To illustrate how the pharmacometric analysis could proceed from this point, we chose the case of rifampicin and artemether (Fig. 4A). For artemether, the CYP3A4, CYP2B6 and ABCB1 pharmacogenes were sensitive. While association with CYP3A4 and CYP2B6 was previously reported in PharmGKB, for ABCB1 we found further support in the literature²⁴ (there was only low-level evidence in PharmGKB via an automated annotation). The simulated concentration-time profile of artemether in the presence and absence of ABCB1 transporter protein is shown in Fig. 4B. ABCB1 was also found to be sensitive in the PBPK analysis of rifampicin, and has also recently been associated with rifampicin PK²⁵. Another highly sensitive ( >1) gene, SLCO1B1 is known to play a role in rifampicin PK²⁶ and was considered jointly with ABCB1 for further analysis. The full PBPK models files of artemether and rifampicin are included as supplementary Table S6.

**Fig. 4: PBPK modelling steps and dose optimisation for artemether and rifampicin.**

The PBPK modelling predicted secondary pharmacokinetic parameters (AUC, C_max and Tmax) were comparable to those estimated from the observed clinical data as shown in Table S7. The bias was within the acceptable range, which was below ±15%.
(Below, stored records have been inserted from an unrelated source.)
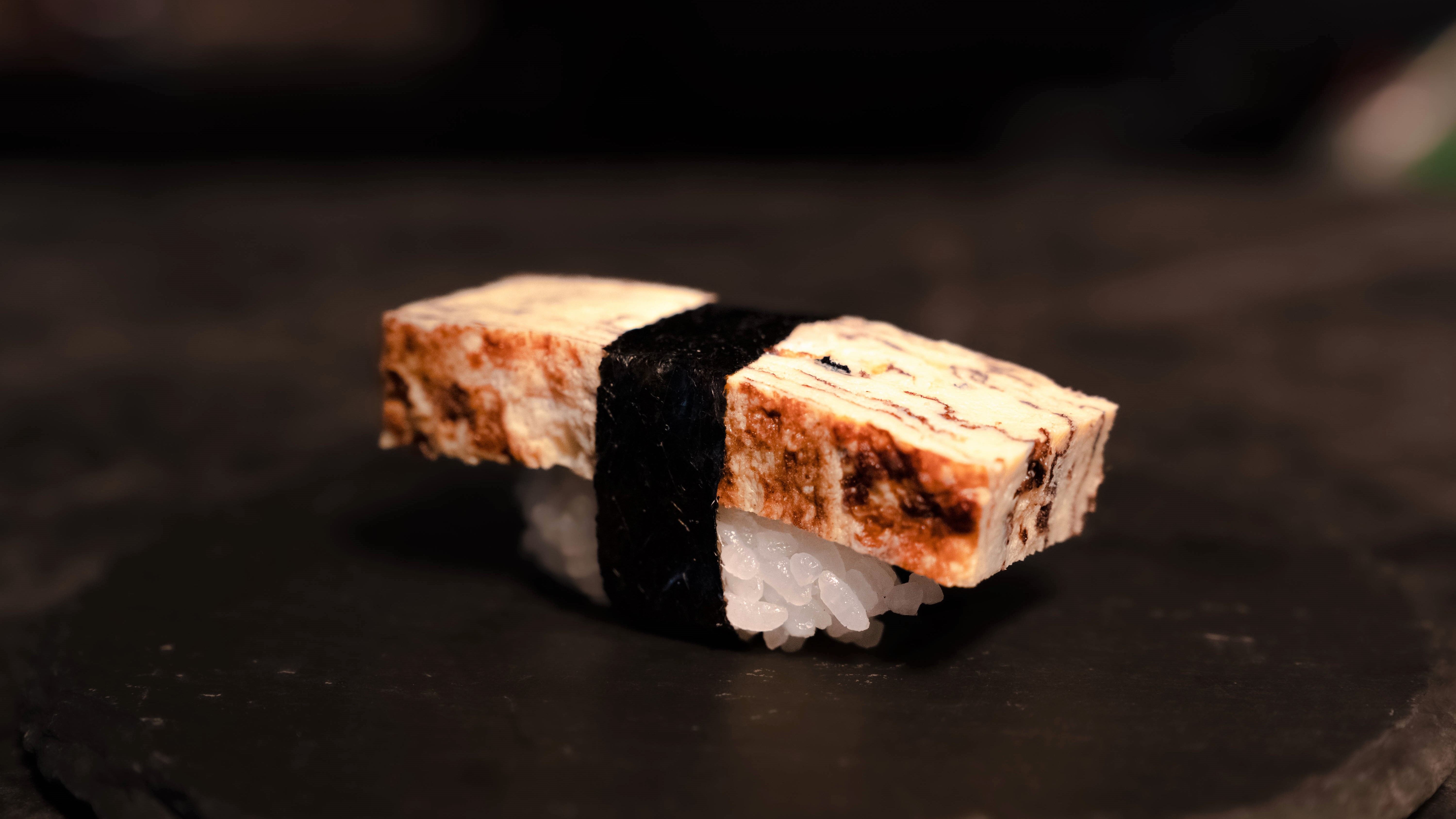 季節によって異なるが、取材時のラインナップは、白身、いか、漬け、海老、はまち、中トロ、サーモン、しめ鯖、玉子で、ほんのり固めに炊いたシャリがそれぞれのネタを大いに引き立てる。供された時の美しさ、繊細な手仕事を施したネタ、ほろりと口の中でほどける食感とそのどれもが素晴らしく、江戸の真髄がつまった一貫一貫に思わずため息。9貫だけでもお腹いっぱい満足できるが、お好みの握りをアラカルトで追加してもOK。一貫100Bからと安心価格なので、フトコロを気にせずオーダーしてみたい。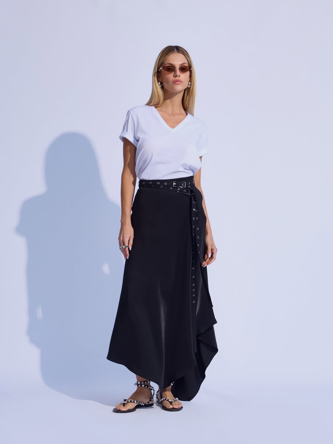 Com estilo contemporâneo e super moderno, a saia midi assimétrica é confeccionada em alfaiataria shine - tecido que traduz beleza, leveza e caimento impecável com fluidez. A modelagem em corte enviesado valoriza a silhueta com movimento, enquanto o fechamento lateral por zíper invisível garante um acabamento refinado. A peça acompanha dois cintos finos no mesmo tecido com fivela retangular e ilhós em grafite, que adicionam um toque urbano e versátil à produção. Ideal para compor looks marcantes com elegância dentro da coleção Urban Lounge.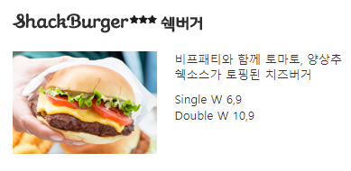 쉑버거는 가장 기본으로 볼 수 있고요. 스모크쉑은 베이컨과 애플 칩이 있다고 하니 더욱 기대되었습니다.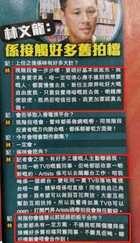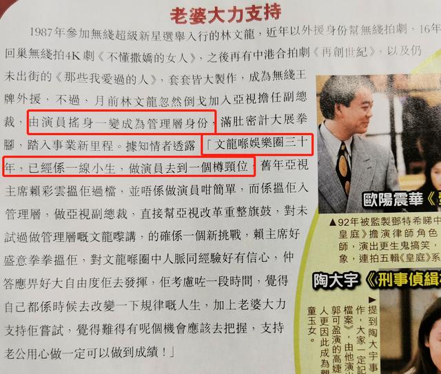 近年来,林文龙一直以外援身份帮无线拍戏,从《不懂撒娇的女人》到《再创世纪》以及还未上线的《那些我爱过的人》每部都是大制作,而林文龙也一路被称作无线王牌外援。但直到最近林文龙才从演员转行升级亚视管理层,忽然倒戈加入亚视副总裁,开启事业新旅程,让不少观众都始料未及。
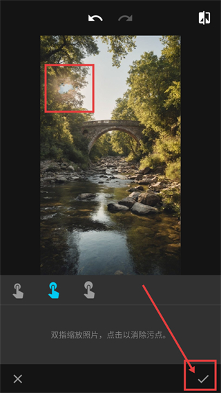 4、完成污点修复后,点击右下角的对勾按钮,确认该操作,即可保存当前的调整效果啦。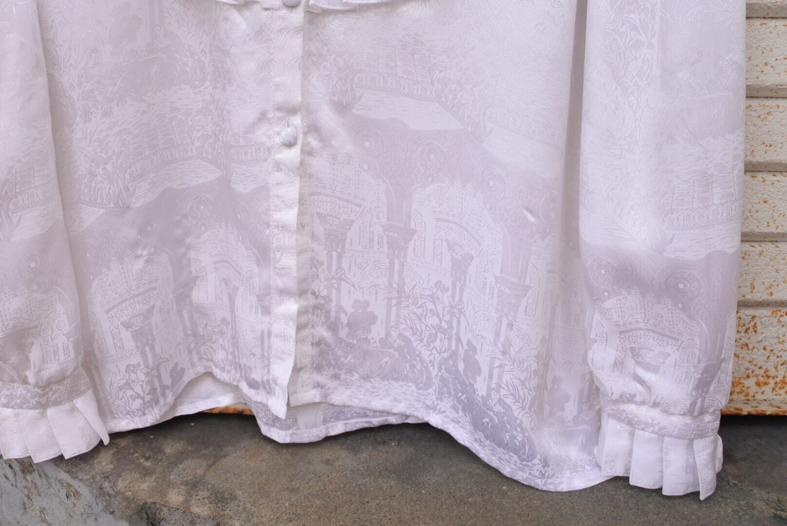 光沢のあるサテンには地模様が入っていて、東洋の宮殿のようなところに人々が集まっているような模様が。

NLME modelling and Monte Carlo simulation for dose optimisation

The final model for artemether was best described by a 2-compartment PK model with linear elimination which had consisted of CYP2B6 polymorphism as covariate. For rifampicin, the final model was best described by a 1-compartment model and linear elimination with SLCO1B1 polymorphism as covariate. The final models were used to perform Monte Carlo simulations (Table S8). Finally, we assessed the above-mentioned genes in the context of a dose optimisation analysis. The NLME modelling of artemether confirmed the CYP2B6*1 and CYP2B6*6 star alleles to be the significant covariates of artemether PK (Table S6). ABCB1 was not found to be a significant covariate of artemether PK. Virtual patients harbouring CYP2B6*1 and CYP2B6*6 variants were associated with ‘normal’ and ‘high’ plasma drug exposure, respectively. Monte Carlo simulation of artemether standard dose of 80 mg resulted in 41.8% of the population with CYP2B6*1 attaining the C_max target of 38.6 ng/mL while in the population with CYP2B6*6, 78% attained the target C_max. The optimum doses necessary for the patient populations with CYP2B6*1 and *6 variants to reach a probability of >91% target attainment were 152 and 85 mg, respectively (Fig. 4A). Similarly, the SLCO1B1 wild-type and SLCO1B1 rs4149032 transporter variants were confirmed as significant covariates of rifampicin pharmacokinetics but ABCB1 had an insignificant effect. The SLCO1B1 rs4149032 variant was associated with low rifampicin plasma exposure compared with the SLCO1B1 wildtype. Simulation of the rifampicin standard dose of 600 mg resulted in 43.5% of the virtual patient population with SLCO1B1 rs4149032 attaining the AUC target of 54.2 µg*h/mL while 91.3% of the virtual patient population with the SLCO1B1 variant attained the AUC target (Fig. 4). Monte Carlo simulations showed that the rifampicin dose of 750 mg was optimum in the population of patients with the SLCO1B1 rs4149032 transporter variant as it resulted in over 91% of the population attaining the target AUC. The proposed optimal doses are not for all African populations as the optimal dose will depend on the frequency of the alleles that are significant in the African subpopulation of interest.